فَسَوْفَ تَعْلَمُونَ مَنْ تَكُونُ لَهُ عَاقِبَةُ الدَّارِ

 

Yer edinmede kimin başarılı olacağını pek yakında göreceksiniz,

إِنَّهُ لاَ يُفْلِحُ الظَّالِمُونَ

 

çünkü haksızlık edenin sonuç alması imkânsızdır… "

وَجَعَلُوا ِللهِ مِمَّا ذَرَأَ مِنَ الْحَرْثِ وَاْلأَنْعَامِ نَصِيبًا

136.

Akıllarısıra, Allah'ın ektiği ekinlerden ve büyük baş hayvanlardan Allah'a pay ayırıp:

فَقَالُوا هَذَا ِللهِ بِزَعْمِهِمْ وَهَذَا لِشُرَكَائِنَا

 

" bu Allah'ın, şu da Tanrı’larımızın " derlerdi.

فَمَا كَانَ لِشُرَكَائِهِمْ فَلاَ يَصِلُ إِلَى اللهِ

 

Ne hikmet ise, Tanrı’larına adadıkları, Allah'a ulaşmaz,

وَمَا كَانَ ِللهِ فَهُوَ يَصِلُ إِلَى شُرَكَائِهِمْ

 

ama, Allah'a adadıkları, Tanrı’lara ulaşırdı.

سَاءَ مَا يَحْكُمُونَ

 

Hepsi, saçma sapan hükümlerdi.

وَكَذَلِكَ زَيَّنَ لِكَثِيرٍ مِنَ الْمُشْرِكِينَ قَتْلَ أَوْلاَدِهِمْ شُرَكَاؤُهُمْ

137.

Bir saçmalık da Tanrı’ların, müşriklere kendi çocuklarını öldürmelerini iyi bir şeymiş gibi göstermesiydi.

لِيُرْدُوهُمْ وَلِيَلْبِسُوا عَلَيْهِمْ دِينَهُمْ

 

Asıl maksatları ise, dinî bir kılıf uydurmak suretiyle çocuk sıkıntısından kurtulmaktı.

وَلَوْ شَاءَ اللهُ مَا فَعَلُوهُ

 

Sevgili resulüm! Allah isteseydi elbette bunu yapamazlardı,

فَذَرْهُمْ وَمَا يَفْتَرُونَ

 

ama yine de sen onları, bu saçma iftiralarıyla başbaşa bırak.

 

 

 

 

 

 

 

 

سورةُ الأنعام: مكية 165 آية

8. c.

En’am: 6 / 138 - 142. Ayetler

 

وَقَالُوا هَذِهِ أَنْعَامٌ وَحَرْثٌ حِجْرٌ

138.

Bir de: " şunlar, dokunulmazlığı olan ekin ve davarlardır,

لاَ يَطْعَمُهَا إِلاَّ مَنْ نَشَاءُ بِزَعْمِهِمْ

 

başkaları bunları, sadece biz istersek yiyebilir. İddiasında bulunurlar,

وَأَنْعَامٌ حُرِّمَتْ ظُهُورُهَا

 

şunların da sırtına binilemez " derlerdi.

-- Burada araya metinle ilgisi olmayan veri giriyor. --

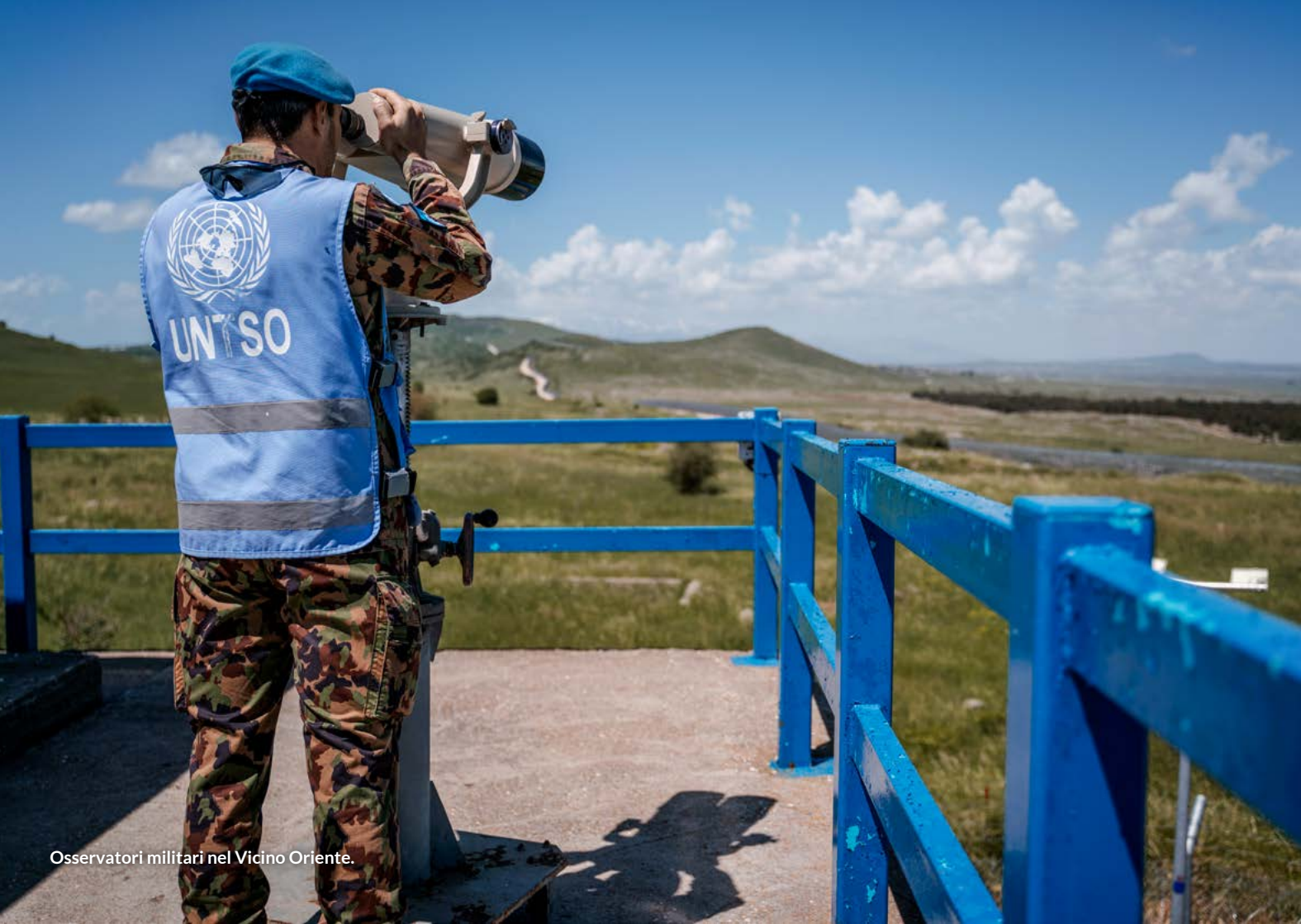
Osservatori militari nel Vicino Oriente.
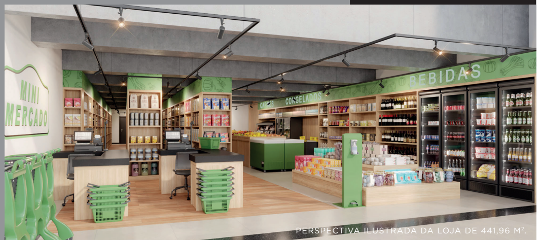
PERSPECTIVA ILUSTRADA DA LOJA DE 441,96 M².

PARA QUEM DESEJA FAZER BONS NEGÓCIOS, O PONTO COMERCIAL É ESTRATÉGICO. O HUB CONTÉM UMA EXCELENTE INFRAESTRUTURA INTERNA E EXTERNA. E POSSUI POSIÇÃO ESTRATÉGICA EM RELAÇÃO AO ENTORNO DE COMÉRCIOS, SERVIÇOS, EMPRESAS E CULTURA.
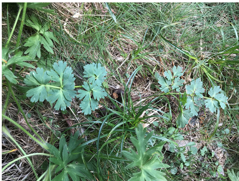
Ryc. 7. Pęd płożny Callianthemum coriandrifolium na stanowisku w Dolince (ok. 1550 m n.p.m.) w Tatrach Zachodnich (22.06.2018 r.;)
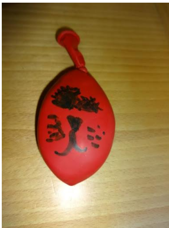
Slika 7.4: Igrača iz balona

وَأَنْعَامٌ لاَ يَذْكُرُونَ اسْمَ اللهِ عَلَيْهَا افْتِرَاءً عَلَيْهِ

 

Allah böyle buyuruyor iftirasıyla hayvanları besmele çekmeden keserlerdi.

سَيَجْزِيهِمْ بِمَا كَانُوا يَفْتَرُونَ

 

Yakında bu iftiralarının cezasını çekecekler.

وَقَالُوا مَا فِي بُطُونِ هَذِهِ اْلأَنْعَامِ خَالِصَةٌ لِذُكُورِنَا وَمُحَرَّمٌ عَلَى أَزْوَاجِنَا

139.

Bir de: " şu şu hayvanın karnındaki yavrular bizim erkeklerimize özeldir, eşlerimize yasaktır.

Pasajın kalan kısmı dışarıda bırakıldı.